On Fri, Sep 17, 2021 at 06:59:24PM -0300, Alvaro Herrera wrote:
> On 2021-Sep-07, Kyotaro Horiguchi wrote:
> > It seems like the "kill 'STOP'" in the script didn't suspend the
> > processes before advancing WAL. The attached uses 'ps' command to
> > check that since I didn't come up with the way to do the same in Perl.
>
> Ah! so we tell the kernel to send the signal, but there's no guarantee
> about the timing for the reaction from the other process. Makes sense.

Agreed.

> Your proposal is to examine the other process' state until we see that
> it gets the T flag. I wonder how portable this is; I suspect not very.
> `ps` is pretty annoying, meaning not consistently implemented -- GNU's
> manpage says there are "UNIX options", "BSD options" and "GNU long
> options", so it seems hard to believe that there is one set of options
> that will work everywhere.

I like this, and it's the most-robust way. I agree there's no portable way,
so I'd modify it to be fail-open. Run a "ps" command that works on the OP's
system. If the output shows the process in a state matching [DRS], we can
confidently sleep a bit for signal delivery to finish. If the command fails
or prints something else (including state T, which we need check explicitly),
assume SIGSTOP delivery is complete. If some other platform shows this race
in the future, we can add an additional "ps" command.

If we ever get the "stop events" system
(https://postgr.es/m/flat/CAPpHfdtSEOHX8dSk9Qp+Z++i4BGQoffKip6JDWngEA+g7Z-XmQ(at)mail(dot)gmail(dot)com),
it would be useful for crafting this kind of test without problem seen here.

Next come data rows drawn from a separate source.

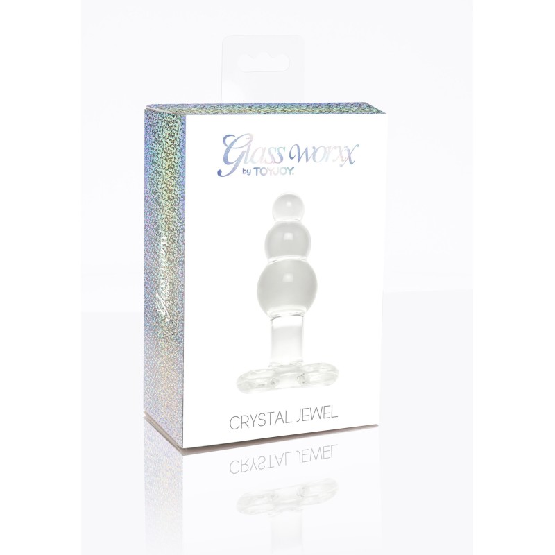 Il Crystal Jewel di TOYJOY GLASS WORXX è un plug anale elegante con curve sexy. La silhouette ha tre dossi di piacere, che si restringono in circonferenza verso la punta, e un'ampia base svasata per sicurezza e facile inserimento / rimozione. Liscio, elegante e di classe: TOYJOY GLASS WORXX è una scelta lussuosa e ipoallergenica per il piacere intimo. Questa elegante collezione di giocattoli in vetro è sensualmente scolpita per la tua massima soddisfazione. Questi giocattoli sessuali altamente resistenti sono realizzati in vetro non poroso di prima classe che si sente deliziosamente liscio al tatto e offrono molte opzioni di gioco sicure per il corpo. Riscalda il bicchiere sotto un rubinetto di acqua calda per un piacere caldo e seducente. Oppure raffredda il bicchiere con acqua fredda per un allettante tocco freddo che farà arricciare le dita dei piedi con gioia. TOYJOY GLASS WORXX è una scelta privilegiata per tutte le tue fantasie erotiche, fornendo pura felicità, scolpita nelle migliori sagome di vetro. Ora in una nuova confezione.
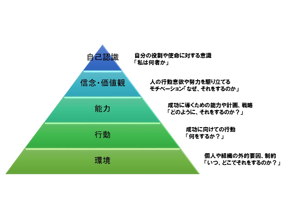 以下に示すのは、コミュニケーション心理学NLPの第一人者、ロバート・ディルツ氏が考案したニューロロジカル・レベルという人の意識モデルです。人は、「私はこういう人だ」という自己認識を元に、「なぜ、それをするのか」という信念・価値観を抱き、それを、実現するための能力を身に着け、そのために行動し、ある環境に身を置きます。
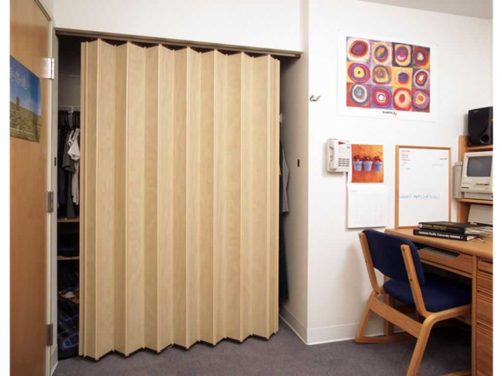 Раздвижно-складная конструкция напоминает книгу или гармошку: при открытии створка не перемещается вдоль вертикальной поверхности, а отходит в сторону. Различают одностворчатые и двустворчатые модели. Одно полотно образуют 2 и более вертикальных секций, которые соединены между собой шарнирным креплением.
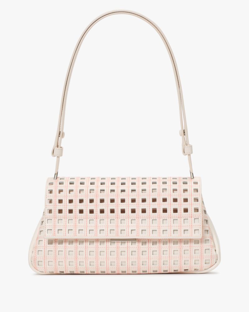 Kate Spade,Grace Perforated Convertible Shoulder Bag,Leather,Canvas,Lining Canvas,Shoulder Bag,Embossed,Logo,Foil,Adjustab...,Cream
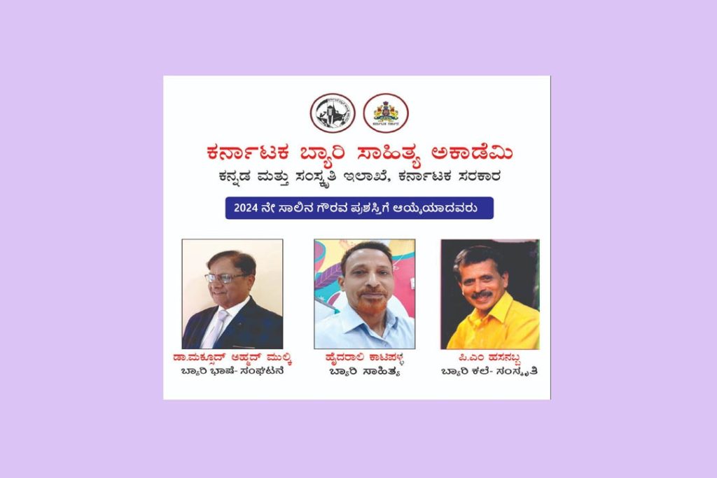 ಮಂಗಳೂರು: ಕರ್ನಾಟಕ ಬ್ಯಾರಿ ಸಾಹಿತ್ಯ ಅಕಾಡಮಿಯು ಕೊಡಮಾಡುವ 2024ನೇ ಸಾಲಿನ ಗೌರವ ಪ್ರಶಸ್ತಿ ಪ್ರಕಟಗೊಂಡಿದೆ. ದಿ ಬ್ಯಾರೀಸ್ ವೆಲ್ಫೇರ್ ಅಸೋಸಿಯೇಶನ್ – ಬೆಂಗಳೂರು ಇದರ ಮಾಜಿ ಅಧ್ಯಕ್ಷ ಹಾಗೂ ಕರ್ನಾಟಕ ಬ್ಯಾರಿ – ಸಾಹಿತ್ಯ ಅಕಾಡಮಿಯ ಮಾಜಿ ಸದಸ್ಯರಾದ ಬೆಂಗಳೂರಿನ ಡಾ. ಮನ್ಸೂದ್ ಅಹ್ಮದ್ ಮುಲ್ಕಿ (ಬ್ಯಾರಿ ಭಾಷೆ ಮತ್ತು ಸಂಘಟನೆ), ಬ್ಯಾರಿ ಕವಿ ಮತ್ತು ಲೇಖಕ ಹೈದರ್ ಅಲಿ ಕಾಟಿಪಳ್ಳ (ಬ್ಯಾರಿ ಸಾಹಿತ್ಯ), ಹಿರಿಯ ಬ್ಯಾರಿ ಹಾಡುಗಾರ ಹಾಗೂ ಕವಿ ಪಿ. ಎಂ. ಹಸನಬ್ಬ ಮೂಡುಬಿದರೆ (ಬ್ಯಾರಿ ಸಂಸ್ಕೃತಿ ಮತ್ತು ಕಲೆ) ಬ್ಯಾರಿ ಸಾಹಿತ್ಯ ಅಕಾಡೆಮಿಯ ಗೌರವ ಪ್ರಶಸ್ತಿಗೆ ಆಯ್ಕೆಯಾಗಿದ್ದಾರೆ.
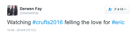 「#crufts2016を見ているんだけど、エリックに恋しちゃったよ」
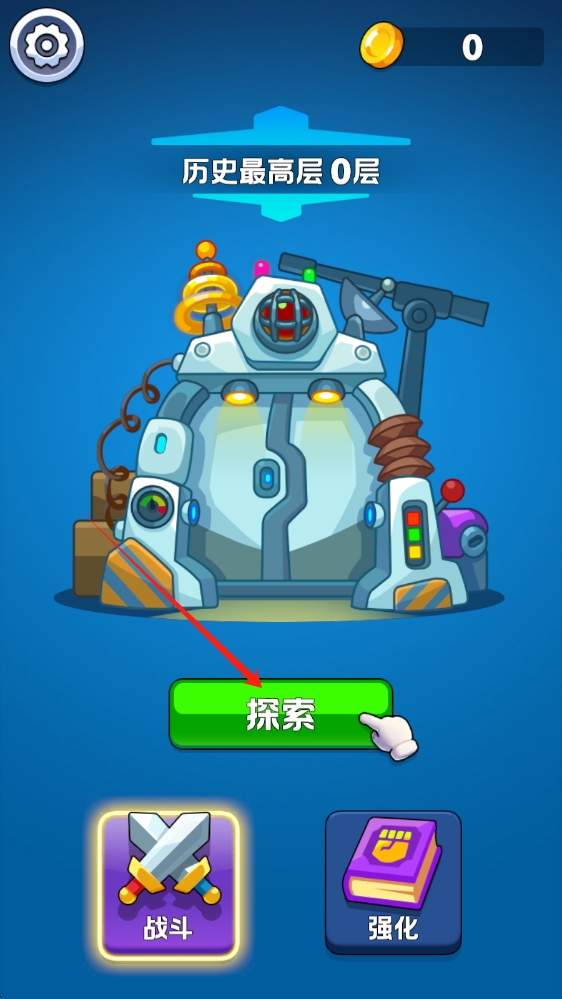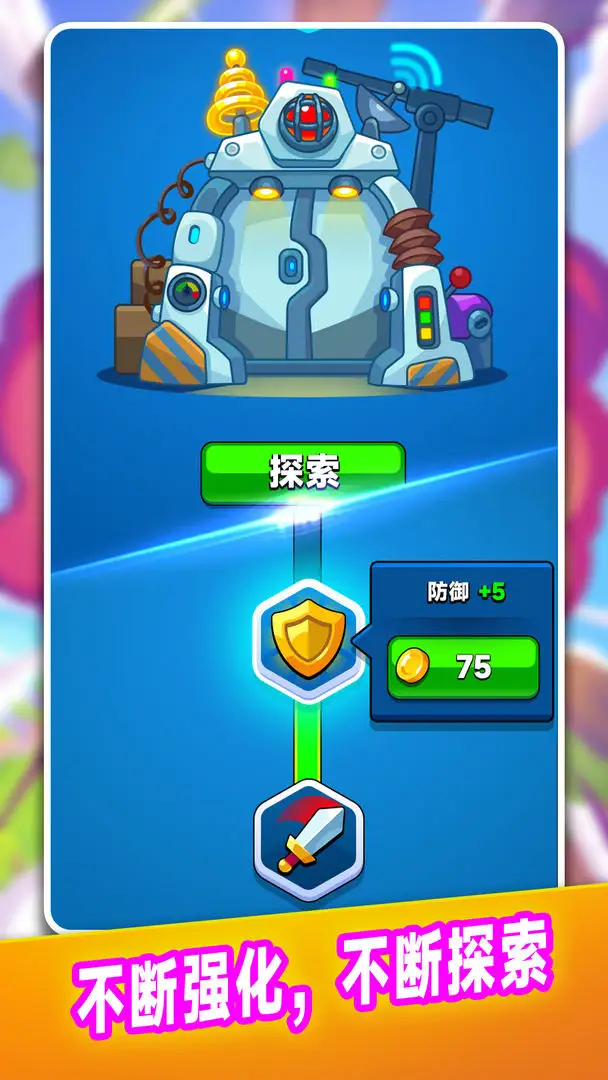 1、点击按钮探索,快速积攒机器人必杀技,面对BOSS时提前规划连击路线,集中释放高伤害技能突破护盾。
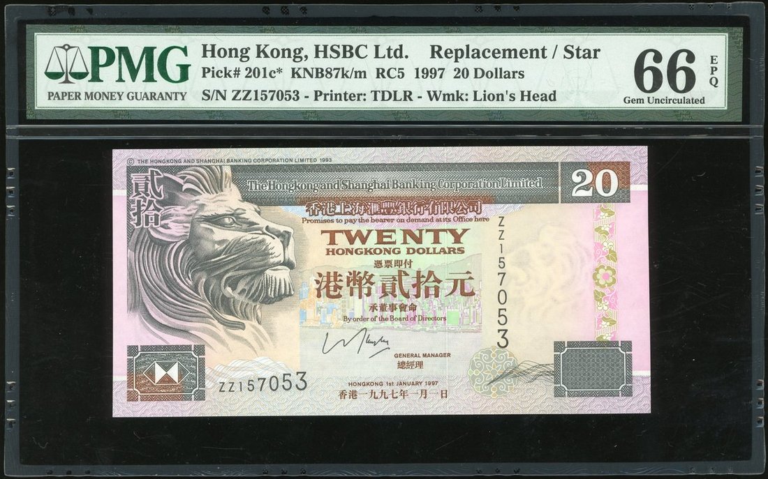 1994, 96及97年匯豐銀行補版20元一組3枚,編號ZZ016384,ZZ122395及ZZ157053,均PMG 66EPQ

> I found a Perl module (Proc::ProcessTable) that can be used to get the
> list of processes and their metadata, but it isn't in core Perl and it
> doesn't look very well maintained either, so that one's out.

Agreed, that one's out.

> Another option might be to wait on the kernel -- do something that would
> involve the kernel taking action on the other process, acting like a
> barrier of sorts. I don't know if this actually works, but we could
> try. Something like sending SIGSTOP first, then "kill 0" -- or just
> send SIGSTOP twice:
>
> diff --git a/src/test/recovery/t/019_replslot_limit.pl b/src/test/recovery/t/019_replslot_limit.pl
> index e065c5c008..e8f323066a 100644
> --- a/src/test/recovery/t/019_replslot_limit.pl
> +++ b/src/test/recovery/t/019_replslot_limit.pl
> @@ -346,6 +346,8 @@ $logstart = get_log_size($node_primary3);
> # freeze walsender and walreceiver. Slot will still be active, but walreceiver
> # won't get anything anymore.
> kill 'STOP', $senderpid, $receiverpid;
> +kill 'STOP', $senderpid, $receiverpid;
> +
> advance_wal($node_primary3, 2);
>
> my $max_attempts = 180;

If this fixes things for the OP, I'd like it slightly better than the "ps"
approach. It's less robust, but I like the brevity.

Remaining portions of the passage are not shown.